As part of a new spending plan, nearly $1 million in grant money will be set aside for homeowners open to transforming their lawns into a pollinator-friendly habitat.
The University of Minnesota will receive $900,000 over the course of one year that will go towards helping homeowners make their lawns bee-friendly by replacing traditional lawns with pollinator-friendly plants such as wildflowers and Dutch White Clover.
“I’m surprised in a good way,” said Ian Lane, of the U of M Bee Lab. “I think we’re probably the first state to do something on that scale.”
Lane is a researcher with the Bee Lab, which promotes the conservation, health and diversity of bees.
“We have over 400 species of bees in Minnesota and a lot of them we don’t know the status of,” Lane said.
The state’s initiative focuses on the rusty patch bumblebee, which is a species nearing extinction.
“A lot of different bees respond and other animals will respond to these actions when you go in and you do a planting, you’re kind of increasing the amount of food in the landscape and if that’s one of their limiting factors that can really help bolster their populations,” Lane added.

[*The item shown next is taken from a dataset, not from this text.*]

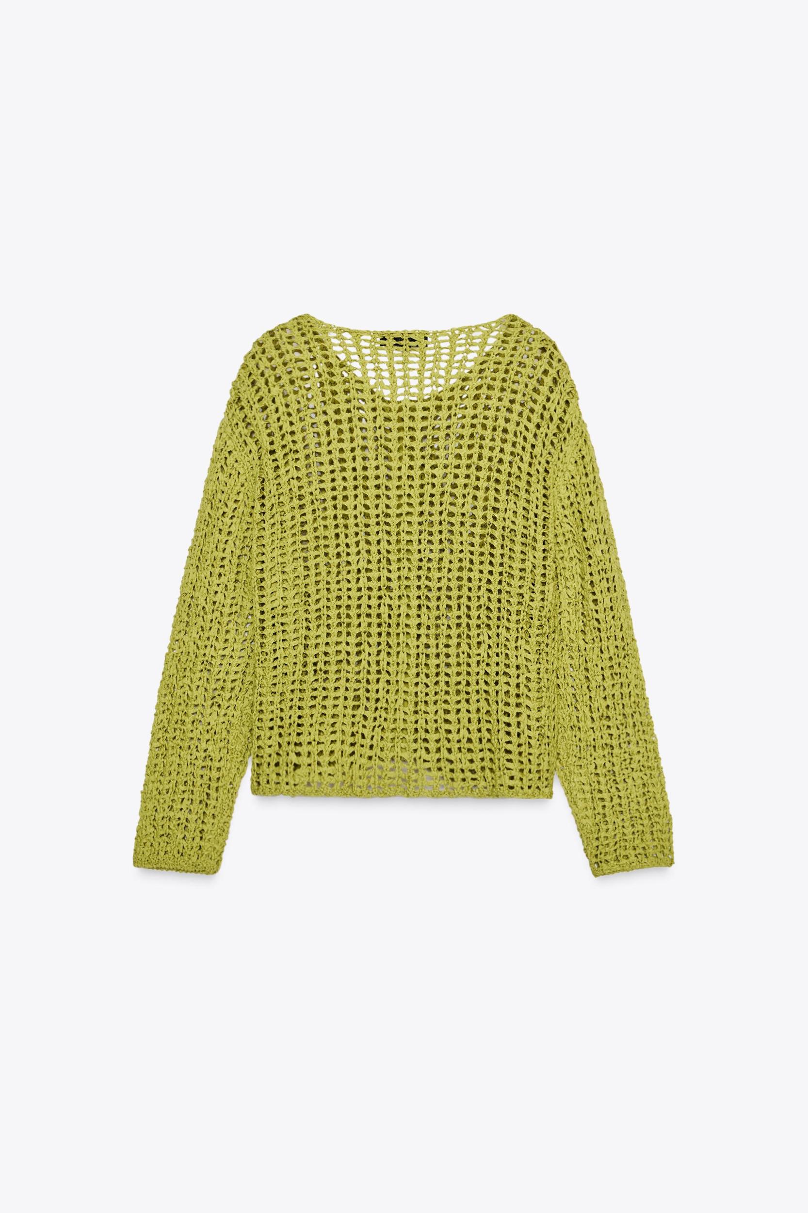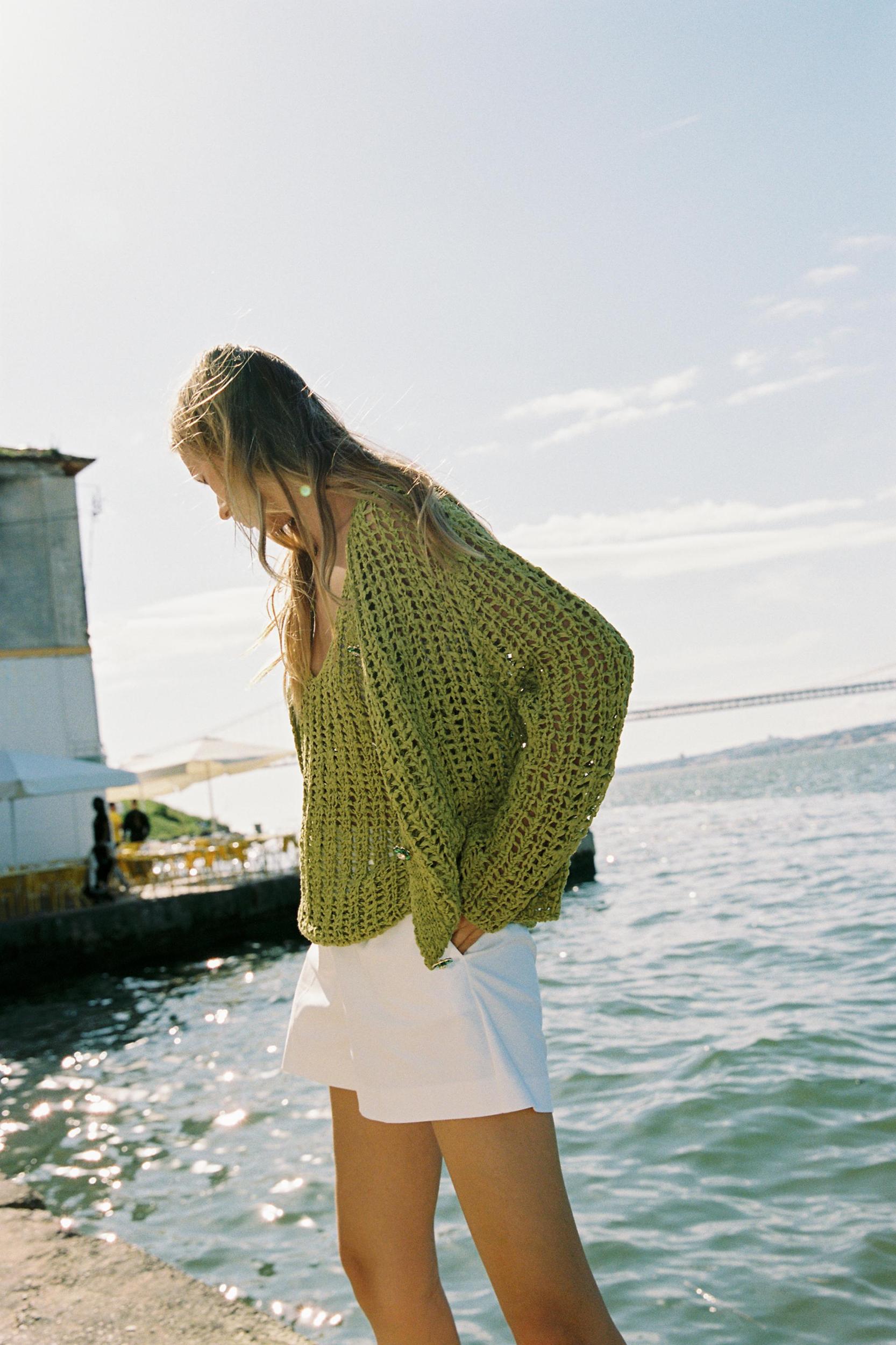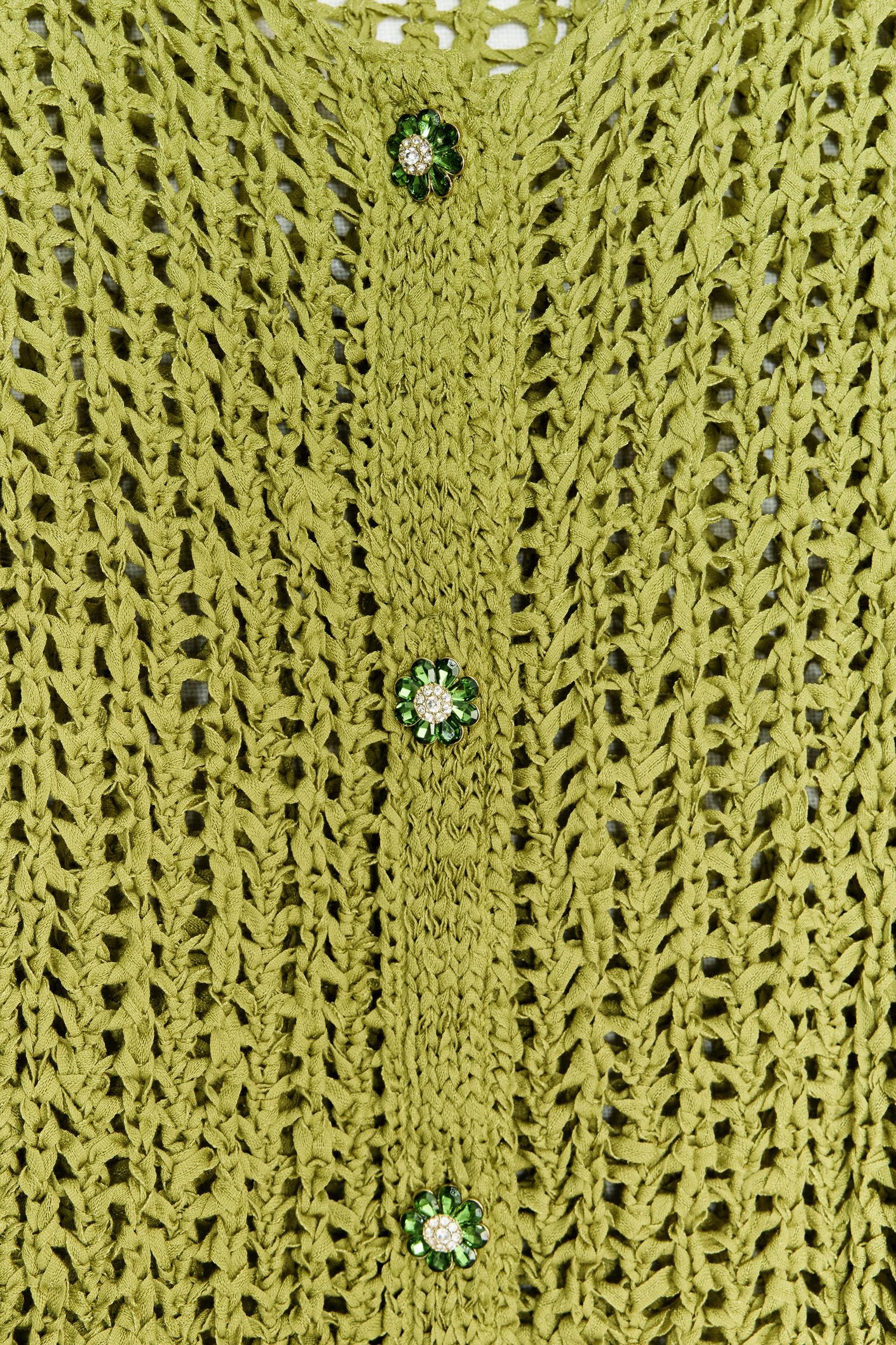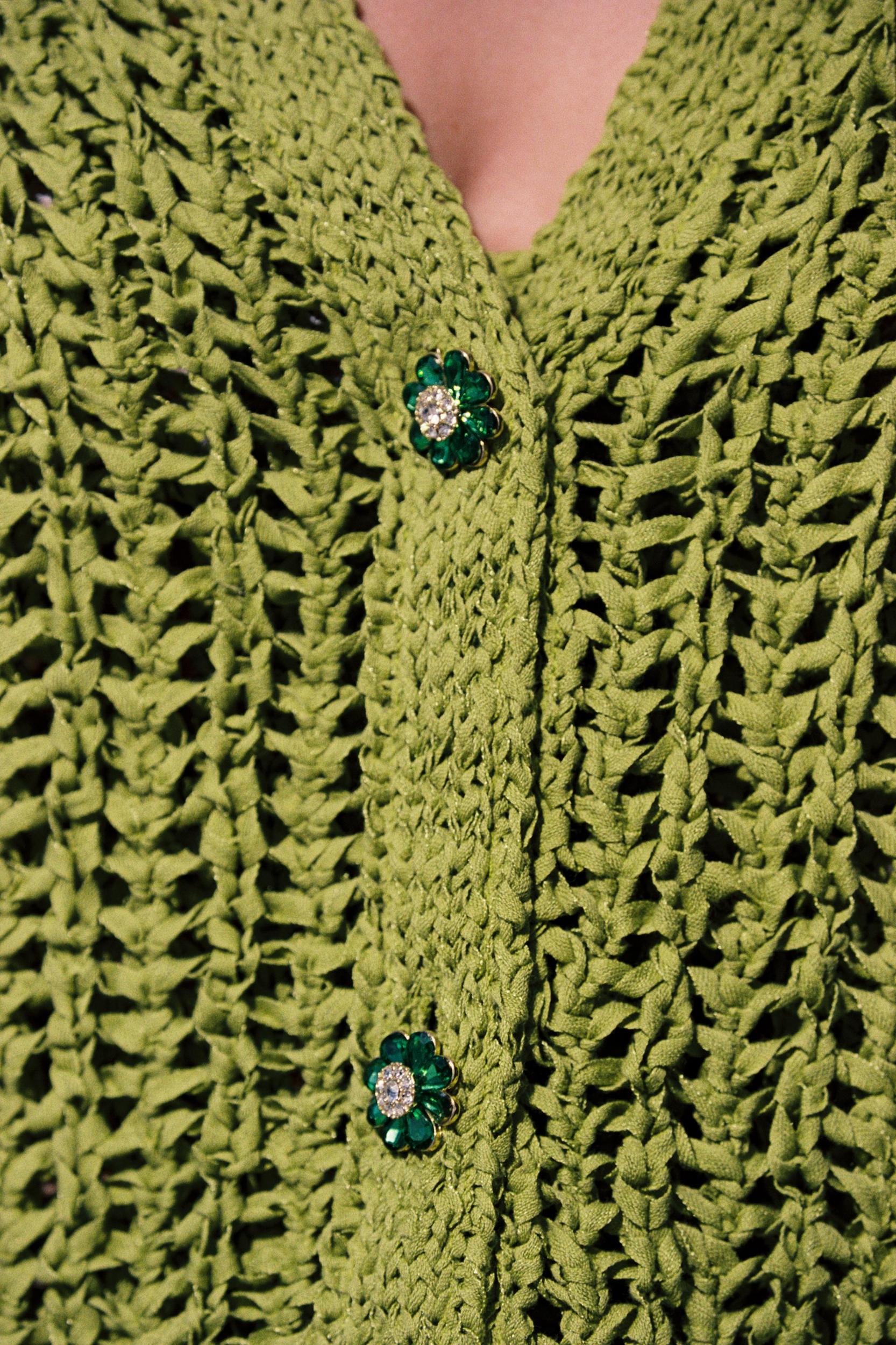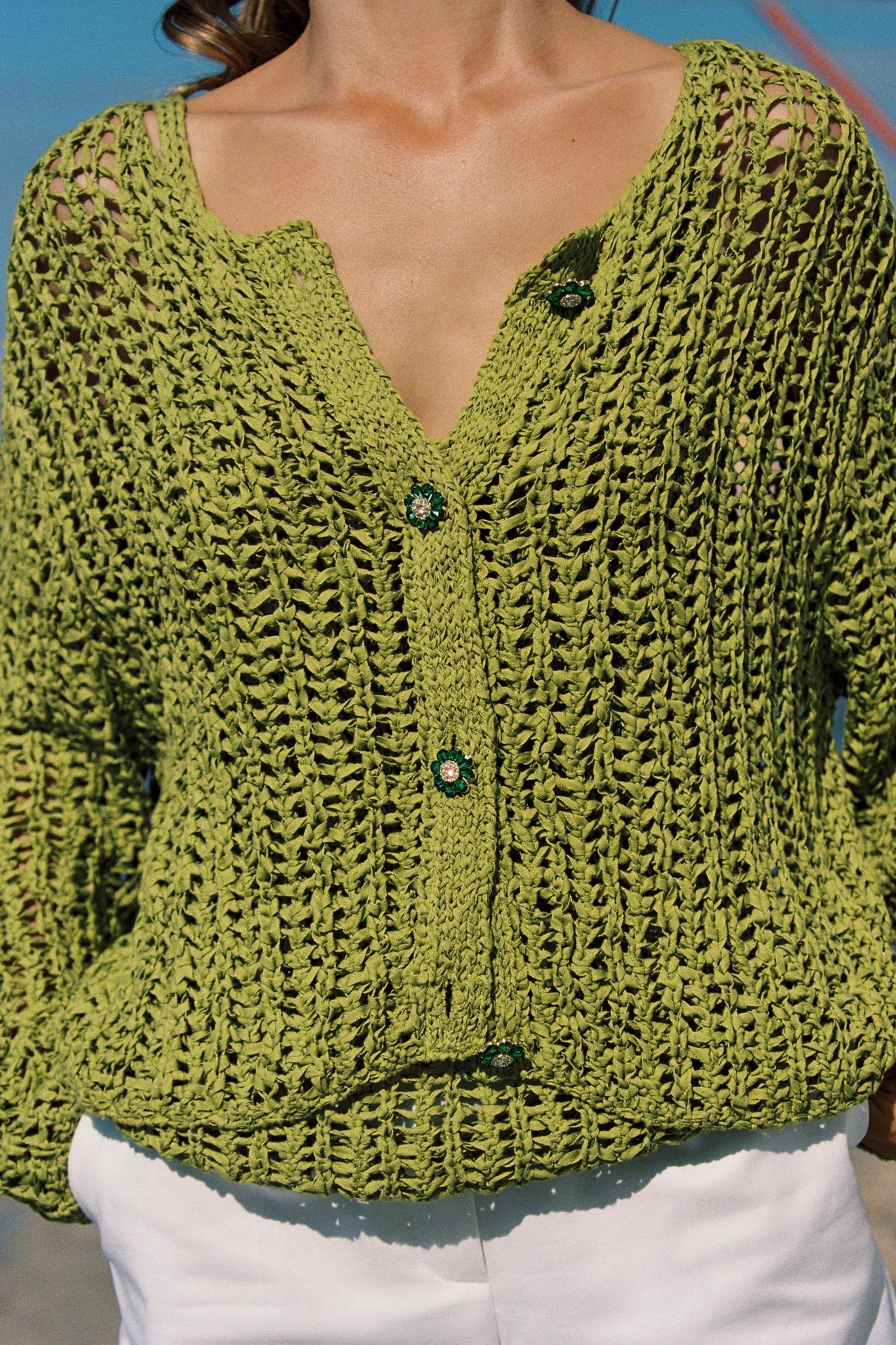 Round neck, long sleeve jacket. Front closure with jewel buttons.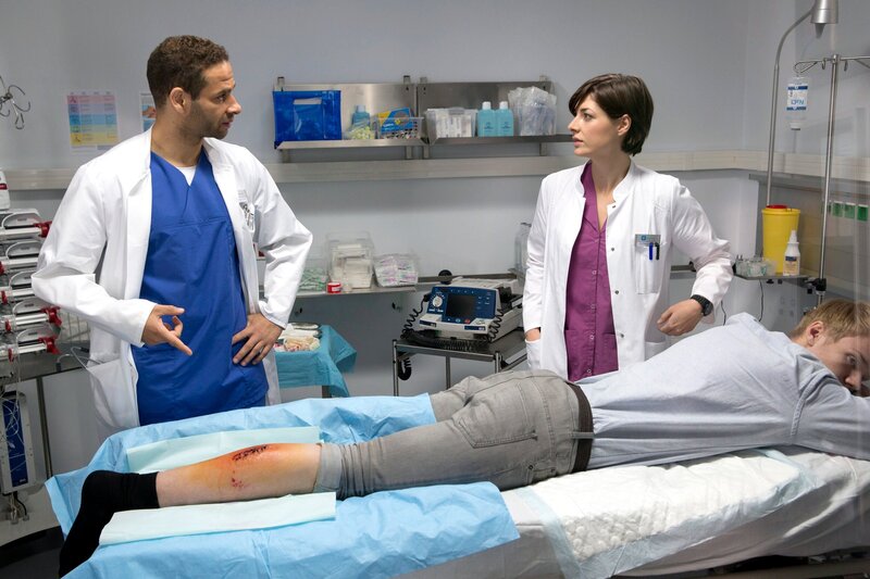 ARD PROGRAMMDIREKTION, IN ALLER FREUNDSCHAFT - DIE JUNGEN ÄRZTE, neue Vorabend-Weekly mit 42, Folgen 2 "Freunde und Familie", am Donnerstag (29.01.15) um 18.50 Uhr im Ersten. Dr. Matteo Moraeu (Mike Adler, l.) ist verärgert über die schlecht genähte Wunde; er fordert Dr. Theresa Koshka (Katharina Nesytowa, r.) auf, noch einmal neu zu nähen.

In addition, the benefits to the environment are endless.
“All of these different insects are behind the scenes,” Lane said. “Moderating a lot of things that are important to everyday things that we care about, like a clean environment, functional food systems, things like that. Beauty too, that’s an important one.”
It’s still unclear when the funding will be made available. Rep. Rick Hansen says that a work plan will be up for approval in mid-July.
The state’s Board of Water and Soil Resources will run the program.